韓国における国民健康保険の保険料率は報酬月額の5.99%(2014年)と日本(組合健保の平均で8.6%、協会けんぽの平均で10%、2013年)より低いが、自己負担率は30〜60%(病院の規模、所在地などで異なる)と高い。OECD統計によると、2011年の総医療費に占める自己負担額の割合は37%で、OECD平均(20%)の約1.8倍、日本(15%)の約2.5倍である。

 自己負担率が高ければ所得の低い重症患者ほど苦しむことになる。高校生の子供を持つシングルファーザーの40代男性は10数年前から週3回、1日4時間の人工透析を受けていたため定職に就けず、アルバイトをして生活費や子供の養育費、治療費を工面してきた。11年、進行性の胃がんであることが判明。がんは胃から大腸にまで転移し何度も手術を繰り返し、現在は人工肛門を付けて寝たきりの生活を送っている。

 一家は生活保護を受けており、家賃のほか保険適用範囲の医療費は無料だが、保険適用外の手術・治療費の負担が合計480万ウォン(約46万円)あり、現在も未払いのままだという。韓国の病院関係者は語る。
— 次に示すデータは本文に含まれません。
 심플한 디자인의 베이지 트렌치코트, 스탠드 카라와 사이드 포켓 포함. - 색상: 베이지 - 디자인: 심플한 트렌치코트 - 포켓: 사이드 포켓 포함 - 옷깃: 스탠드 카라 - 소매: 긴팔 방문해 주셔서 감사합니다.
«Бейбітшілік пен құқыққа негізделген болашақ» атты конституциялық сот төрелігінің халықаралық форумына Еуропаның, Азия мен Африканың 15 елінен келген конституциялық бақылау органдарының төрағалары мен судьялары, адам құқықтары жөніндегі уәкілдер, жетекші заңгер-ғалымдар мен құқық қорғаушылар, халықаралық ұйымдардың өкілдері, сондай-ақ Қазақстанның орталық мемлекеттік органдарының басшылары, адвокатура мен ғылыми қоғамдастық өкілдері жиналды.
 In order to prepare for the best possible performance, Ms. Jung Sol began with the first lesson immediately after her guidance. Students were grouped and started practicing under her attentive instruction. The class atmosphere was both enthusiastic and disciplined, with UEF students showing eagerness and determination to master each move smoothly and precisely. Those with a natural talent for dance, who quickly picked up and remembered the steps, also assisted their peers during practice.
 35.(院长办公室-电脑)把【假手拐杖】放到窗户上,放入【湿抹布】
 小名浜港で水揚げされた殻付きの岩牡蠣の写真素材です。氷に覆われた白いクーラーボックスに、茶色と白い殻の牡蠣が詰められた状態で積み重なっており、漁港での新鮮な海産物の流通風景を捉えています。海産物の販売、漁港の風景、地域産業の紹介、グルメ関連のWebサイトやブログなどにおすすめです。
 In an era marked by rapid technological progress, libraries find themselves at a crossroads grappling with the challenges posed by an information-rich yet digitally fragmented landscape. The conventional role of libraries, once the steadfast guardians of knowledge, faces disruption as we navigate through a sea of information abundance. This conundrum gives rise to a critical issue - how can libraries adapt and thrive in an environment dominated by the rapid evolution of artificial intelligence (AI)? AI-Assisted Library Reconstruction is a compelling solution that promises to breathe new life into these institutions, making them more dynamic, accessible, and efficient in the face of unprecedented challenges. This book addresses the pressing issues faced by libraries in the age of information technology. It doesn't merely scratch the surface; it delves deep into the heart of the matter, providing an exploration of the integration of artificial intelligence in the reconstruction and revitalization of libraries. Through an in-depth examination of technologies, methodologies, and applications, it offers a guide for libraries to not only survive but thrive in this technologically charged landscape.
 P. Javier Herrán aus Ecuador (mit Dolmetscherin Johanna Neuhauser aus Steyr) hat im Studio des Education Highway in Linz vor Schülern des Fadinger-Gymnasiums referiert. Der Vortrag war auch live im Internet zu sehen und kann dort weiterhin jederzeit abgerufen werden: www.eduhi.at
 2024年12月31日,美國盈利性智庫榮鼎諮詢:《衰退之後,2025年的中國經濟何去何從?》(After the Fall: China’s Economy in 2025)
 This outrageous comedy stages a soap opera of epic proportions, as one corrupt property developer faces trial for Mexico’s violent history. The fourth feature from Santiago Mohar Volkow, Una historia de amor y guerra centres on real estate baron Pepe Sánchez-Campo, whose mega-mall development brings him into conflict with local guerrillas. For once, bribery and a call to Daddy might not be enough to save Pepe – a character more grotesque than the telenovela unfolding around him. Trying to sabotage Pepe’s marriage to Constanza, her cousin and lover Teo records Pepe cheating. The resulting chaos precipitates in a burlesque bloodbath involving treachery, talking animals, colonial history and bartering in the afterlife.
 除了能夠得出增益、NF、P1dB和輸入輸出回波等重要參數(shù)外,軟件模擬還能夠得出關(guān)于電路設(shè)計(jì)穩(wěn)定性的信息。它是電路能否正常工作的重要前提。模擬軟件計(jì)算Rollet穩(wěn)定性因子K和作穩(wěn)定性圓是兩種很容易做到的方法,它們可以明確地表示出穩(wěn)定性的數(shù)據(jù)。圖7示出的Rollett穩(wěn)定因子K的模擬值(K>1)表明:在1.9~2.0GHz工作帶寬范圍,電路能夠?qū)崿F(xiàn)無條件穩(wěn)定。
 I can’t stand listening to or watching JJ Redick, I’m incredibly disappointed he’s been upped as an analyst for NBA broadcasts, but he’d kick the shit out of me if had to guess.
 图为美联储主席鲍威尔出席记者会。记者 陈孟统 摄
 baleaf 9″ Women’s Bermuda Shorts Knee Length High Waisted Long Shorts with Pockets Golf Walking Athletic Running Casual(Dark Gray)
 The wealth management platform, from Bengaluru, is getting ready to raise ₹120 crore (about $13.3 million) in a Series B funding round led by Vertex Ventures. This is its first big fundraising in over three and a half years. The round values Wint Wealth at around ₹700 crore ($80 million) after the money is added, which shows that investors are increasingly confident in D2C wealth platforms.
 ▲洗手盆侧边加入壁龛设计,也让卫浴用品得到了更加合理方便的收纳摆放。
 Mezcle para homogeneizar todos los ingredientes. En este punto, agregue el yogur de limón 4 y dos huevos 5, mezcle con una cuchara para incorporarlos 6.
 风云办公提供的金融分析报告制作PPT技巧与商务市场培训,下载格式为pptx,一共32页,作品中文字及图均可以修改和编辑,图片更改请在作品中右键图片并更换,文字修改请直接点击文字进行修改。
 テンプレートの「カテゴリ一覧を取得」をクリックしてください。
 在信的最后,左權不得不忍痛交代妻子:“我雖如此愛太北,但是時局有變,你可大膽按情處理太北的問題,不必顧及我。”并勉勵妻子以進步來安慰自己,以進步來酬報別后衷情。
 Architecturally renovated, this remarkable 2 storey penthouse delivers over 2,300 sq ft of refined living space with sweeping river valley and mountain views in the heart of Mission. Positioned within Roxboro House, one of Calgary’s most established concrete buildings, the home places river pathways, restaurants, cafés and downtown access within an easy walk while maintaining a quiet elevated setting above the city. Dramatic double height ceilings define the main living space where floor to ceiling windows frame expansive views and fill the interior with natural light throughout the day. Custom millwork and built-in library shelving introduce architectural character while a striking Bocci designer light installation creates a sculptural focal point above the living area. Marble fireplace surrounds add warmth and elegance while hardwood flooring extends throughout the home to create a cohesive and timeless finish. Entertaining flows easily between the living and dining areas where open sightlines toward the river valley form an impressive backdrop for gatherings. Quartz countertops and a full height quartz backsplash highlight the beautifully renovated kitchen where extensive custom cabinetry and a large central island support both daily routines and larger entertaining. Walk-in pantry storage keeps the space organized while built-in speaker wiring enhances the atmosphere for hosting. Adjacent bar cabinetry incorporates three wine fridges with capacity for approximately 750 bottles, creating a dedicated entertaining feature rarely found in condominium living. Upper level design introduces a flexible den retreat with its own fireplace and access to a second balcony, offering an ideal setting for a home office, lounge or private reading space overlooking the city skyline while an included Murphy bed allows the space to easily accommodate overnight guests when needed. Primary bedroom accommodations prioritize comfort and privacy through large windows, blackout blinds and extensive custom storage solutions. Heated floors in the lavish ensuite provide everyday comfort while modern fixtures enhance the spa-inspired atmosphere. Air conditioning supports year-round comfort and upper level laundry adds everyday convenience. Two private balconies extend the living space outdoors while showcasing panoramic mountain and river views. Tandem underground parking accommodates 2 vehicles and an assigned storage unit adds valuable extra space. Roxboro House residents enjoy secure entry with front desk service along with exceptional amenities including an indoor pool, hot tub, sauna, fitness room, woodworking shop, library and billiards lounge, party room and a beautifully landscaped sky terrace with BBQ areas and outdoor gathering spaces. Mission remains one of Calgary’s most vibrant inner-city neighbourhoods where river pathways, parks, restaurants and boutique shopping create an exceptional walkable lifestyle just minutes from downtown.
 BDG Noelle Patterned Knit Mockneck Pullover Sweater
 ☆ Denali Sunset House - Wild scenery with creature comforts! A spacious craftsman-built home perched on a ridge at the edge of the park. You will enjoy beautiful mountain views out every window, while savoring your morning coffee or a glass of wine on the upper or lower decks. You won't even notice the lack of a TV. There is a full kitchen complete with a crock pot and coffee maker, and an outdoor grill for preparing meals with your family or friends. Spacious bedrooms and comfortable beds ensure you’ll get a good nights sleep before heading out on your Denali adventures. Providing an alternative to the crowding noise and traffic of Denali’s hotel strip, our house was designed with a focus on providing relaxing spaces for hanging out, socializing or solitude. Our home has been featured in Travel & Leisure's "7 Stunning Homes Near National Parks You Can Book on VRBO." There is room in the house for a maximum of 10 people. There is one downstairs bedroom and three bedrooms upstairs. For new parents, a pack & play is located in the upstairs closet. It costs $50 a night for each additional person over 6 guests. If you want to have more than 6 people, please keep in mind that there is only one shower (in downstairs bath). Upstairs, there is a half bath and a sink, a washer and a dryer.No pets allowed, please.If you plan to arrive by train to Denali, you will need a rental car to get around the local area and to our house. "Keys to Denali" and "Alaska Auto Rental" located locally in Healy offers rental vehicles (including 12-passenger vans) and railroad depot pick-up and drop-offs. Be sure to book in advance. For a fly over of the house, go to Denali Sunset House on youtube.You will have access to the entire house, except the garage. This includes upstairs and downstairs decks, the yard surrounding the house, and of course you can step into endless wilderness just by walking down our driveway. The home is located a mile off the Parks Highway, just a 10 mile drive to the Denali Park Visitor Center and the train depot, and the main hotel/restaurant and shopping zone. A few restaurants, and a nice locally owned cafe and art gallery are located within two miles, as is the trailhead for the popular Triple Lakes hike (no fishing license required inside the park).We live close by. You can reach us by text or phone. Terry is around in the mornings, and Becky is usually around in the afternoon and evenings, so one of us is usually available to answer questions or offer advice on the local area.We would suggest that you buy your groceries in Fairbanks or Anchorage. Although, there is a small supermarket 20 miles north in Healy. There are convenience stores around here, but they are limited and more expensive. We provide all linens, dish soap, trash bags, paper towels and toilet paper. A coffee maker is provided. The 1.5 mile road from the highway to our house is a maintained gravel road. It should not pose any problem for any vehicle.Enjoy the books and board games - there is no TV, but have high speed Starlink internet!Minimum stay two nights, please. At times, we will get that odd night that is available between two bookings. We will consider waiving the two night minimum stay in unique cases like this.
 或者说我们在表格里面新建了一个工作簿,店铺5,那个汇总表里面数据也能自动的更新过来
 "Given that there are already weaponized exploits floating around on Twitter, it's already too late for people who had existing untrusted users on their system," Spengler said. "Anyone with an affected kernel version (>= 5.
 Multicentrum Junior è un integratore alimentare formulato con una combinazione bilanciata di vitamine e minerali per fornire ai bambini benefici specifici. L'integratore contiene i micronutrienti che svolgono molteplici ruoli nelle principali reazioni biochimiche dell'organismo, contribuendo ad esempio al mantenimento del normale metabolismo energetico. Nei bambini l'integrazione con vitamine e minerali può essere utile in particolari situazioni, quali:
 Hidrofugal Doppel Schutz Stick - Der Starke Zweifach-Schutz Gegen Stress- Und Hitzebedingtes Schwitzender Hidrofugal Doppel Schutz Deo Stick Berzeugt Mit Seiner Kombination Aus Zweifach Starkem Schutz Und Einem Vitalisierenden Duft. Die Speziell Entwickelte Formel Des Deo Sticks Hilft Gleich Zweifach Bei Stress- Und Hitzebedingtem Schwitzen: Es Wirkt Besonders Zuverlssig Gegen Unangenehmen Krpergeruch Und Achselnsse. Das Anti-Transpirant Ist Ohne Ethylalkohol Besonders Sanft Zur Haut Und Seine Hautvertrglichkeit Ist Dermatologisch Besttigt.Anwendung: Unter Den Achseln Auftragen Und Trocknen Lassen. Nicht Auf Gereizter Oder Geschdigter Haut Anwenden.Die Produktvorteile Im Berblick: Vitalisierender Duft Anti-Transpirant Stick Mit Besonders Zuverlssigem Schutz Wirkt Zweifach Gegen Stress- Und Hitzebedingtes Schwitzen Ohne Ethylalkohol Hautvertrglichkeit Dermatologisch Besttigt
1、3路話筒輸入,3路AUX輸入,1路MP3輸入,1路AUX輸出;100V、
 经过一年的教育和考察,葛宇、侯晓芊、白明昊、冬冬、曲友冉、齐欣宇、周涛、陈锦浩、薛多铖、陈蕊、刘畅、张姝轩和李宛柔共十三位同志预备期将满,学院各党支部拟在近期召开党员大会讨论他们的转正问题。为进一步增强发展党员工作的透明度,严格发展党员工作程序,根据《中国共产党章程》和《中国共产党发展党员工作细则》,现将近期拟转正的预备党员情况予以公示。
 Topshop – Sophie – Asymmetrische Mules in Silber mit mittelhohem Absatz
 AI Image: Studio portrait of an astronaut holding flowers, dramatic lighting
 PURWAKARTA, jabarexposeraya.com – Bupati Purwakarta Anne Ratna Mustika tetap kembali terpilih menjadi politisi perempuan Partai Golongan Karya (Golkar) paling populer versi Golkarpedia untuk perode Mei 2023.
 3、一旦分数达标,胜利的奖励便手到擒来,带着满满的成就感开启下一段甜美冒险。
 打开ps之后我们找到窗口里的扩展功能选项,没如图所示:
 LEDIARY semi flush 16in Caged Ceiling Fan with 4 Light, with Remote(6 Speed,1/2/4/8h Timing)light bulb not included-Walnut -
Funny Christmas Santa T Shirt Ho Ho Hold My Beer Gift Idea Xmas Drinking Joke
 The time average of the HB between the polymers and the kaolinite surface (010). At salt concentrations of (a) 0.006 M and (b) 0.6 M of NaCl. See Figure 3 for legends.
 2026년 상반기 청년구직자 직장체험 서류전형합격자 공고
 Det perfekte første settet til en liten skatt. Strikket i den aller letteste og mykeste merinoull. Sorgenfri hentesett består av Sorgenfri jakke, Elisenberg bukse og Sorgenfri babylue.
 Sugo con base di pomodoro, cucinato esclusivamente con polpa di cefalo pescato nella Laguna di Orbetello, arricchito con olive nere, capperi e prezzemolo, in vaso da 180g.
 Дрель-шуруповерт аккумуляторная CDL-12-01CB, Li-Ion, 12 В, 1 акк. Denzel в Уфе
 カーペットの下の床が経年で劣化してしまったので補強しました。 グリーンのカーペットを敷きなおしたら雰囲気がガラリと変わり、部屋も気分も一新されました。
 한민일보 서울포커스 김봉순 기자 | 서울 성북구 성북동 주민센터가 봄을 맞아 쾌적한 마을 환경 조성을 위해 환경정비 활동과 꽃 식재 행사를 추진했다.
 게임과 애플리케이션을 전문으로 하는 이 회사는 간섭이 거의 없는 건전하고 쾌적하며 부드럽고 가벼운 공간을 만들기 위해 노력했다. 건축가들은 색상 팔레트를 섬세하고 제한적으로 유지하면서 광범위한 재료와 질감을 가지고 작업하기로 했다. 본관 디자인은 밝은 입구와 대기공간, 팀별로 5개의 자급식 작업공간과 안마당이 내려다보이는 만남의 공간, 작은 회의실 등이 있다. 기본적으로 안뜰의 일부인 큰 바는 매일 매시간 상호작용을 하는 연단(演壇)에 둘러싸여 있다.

「韓国の医療制度には高額な自己負担に加え、必要な医療行為が保険適用されない問題がある。例えばエコーやMRIなどの検査費用。つい最近まで、内臓にがんなどの疑いがあって医師が検査の必要性を認めても、それらの検査費用は全額自己負担だった。自費と聞いた途端に『もういいです』となってしまう貧困層の患者は多い」

 数年前からは一定の条件を満たした場合に保険適用される方向で制度改正が始まったが、がんや脳疾患など一部の重症疾患のみ認められるなど、その範囲はまだまだ狭い。

 ソウルで健康食品販売業を営んでいた30代男性は、事業が立ち行かず昨年春から農村部にある妻の実家に移り住んだ。日銭を稼ぐために工事現場で働き、妻は両親の農業を手伝い始めたが、収入はそれほど得られない。そんな中、2歳の次男が練炭で重度の火傷を負ってしまった。
 
 手術を受けたが、思うように歩けないなど深刻な後遺障害が残った。完治させるにはレーザー治療が必要だが、保険適用外のため施術・入院費用として800万ウォン(約76万円)かかると言われており、半年以上経った現在もレーザー治療を受けられないでいる。
 
 貧困ゆえ保険料を払えない世帯は増えている。健康保険料は収入に応じて変わるが、最低レベルの月1万ウォン(約950円)以下でさえ払えない滞納世帯は2013年で11万7000世帯にのぼる。この数字は年々増えており、2年間で27%も増加している。保険料から逆算すれば、彼らの月収は20万ウォン(約1万9000円)未満だ。

  韓国北東部・江原道の農村地帯で地域医療を担う中規模病院の看護師はこう証言する。

「この地域では10万ウォン(約9500円)以下の医療費すら出せない患者が全体の2〜3割に達している。入院患者が夜中にこっそり姿を消す事態も珍しくない。ある病院では昨年・一昨年の未払い医療費が6500万ウォン(約620万円)余りに達し、経営を圧迫している」

 必要な医療が受けられない庶民が増えるばかりか、医療を提供する「場」さえ失われようとしている。